An alias of centre for yanks.

Source code in thermotar/chunk.py

def center(self, coord="all"):
    """An alias of centre for yanks."""
    return self.centre(coord=coord)

`centre(coord='all', moment=None)`

Shift the origin of the simulation box to zero.

Parameters:

Name	Type	Description	Default
`coord`	`Union[int, str, List[str]]`	Index of coordinate column to centre , indexes self.coord_cols. Default is 'all'.	`'all'`
`moment`	`Optional[int]`	If Not None, centres the system to this column name, weighted by this column name raised to the power of moment.	`None`

Source code in thermotar/chunk.py

def centre(
    self, coord: Union[int, str, List[str]] = "all", moment: Optional[int] = None
):
    """Shift the origin of the simulation box to zero.

    Parameters
    ----------
    coord:
        Index of coordinate column to centre , indexes self.coord_cols.
        Default is 'all'.

    moment:
        If Not None, centres the system to this column name,
        weighted by this column name raised to the power of moment.

    """
    if coord == "all":
        # calculate the union of the list of coord_cols and the df columns
        coords = self.coord_cols

    elif isinstance(coord, int):
        coords = [self.coord_cols[coord]]
    else:
        # if neither a number or 'all', assumes a column name
        coords = [coord]
    # iterate over selected coordinates and perform the centring operation
    for coord_col in coords:
        if moment:
            self.data[coord_col] -= self.moment(
                coord_col, moment
            )  # set origin to be first moment, weighted by moment parameter
        else:
            # print(coord_col)
            self.data[coord_col] = self.centre_series(self.data[coord_col])

    self.centred = True
    # Return the object at the end for method chaining
    return self

`centre_series(series)` `staticmethod`

Subtract the average of a series from the series.

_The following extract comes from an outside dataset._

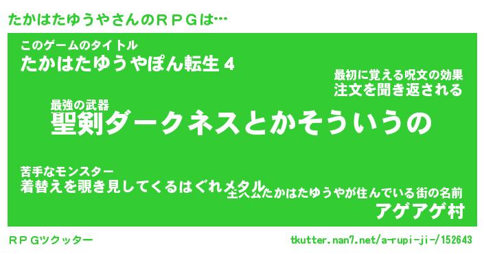 | 伝説のあだ名 | 『伝説の傭兵たかはたゆうや』 |

Source code in thermotar/chunk.py

@staticmethod
def centre_series(series: pd.Series):
    """Subtract the average of a series from the series."""
    centre = (series.max() + series.min()) / 2
    centred = series - centre
    return centred

`choose_coordinate(coord)`

Find the provided coordinate column(s).

If an integer, indexes the self.coord_cols field, if string 'all', returns self.coord_cols if any other, returns

Source code in thermotar/chunk.py

def choose_coordinate(self, coord: Union[int, str]):
    """Find the provided coordinate column(s).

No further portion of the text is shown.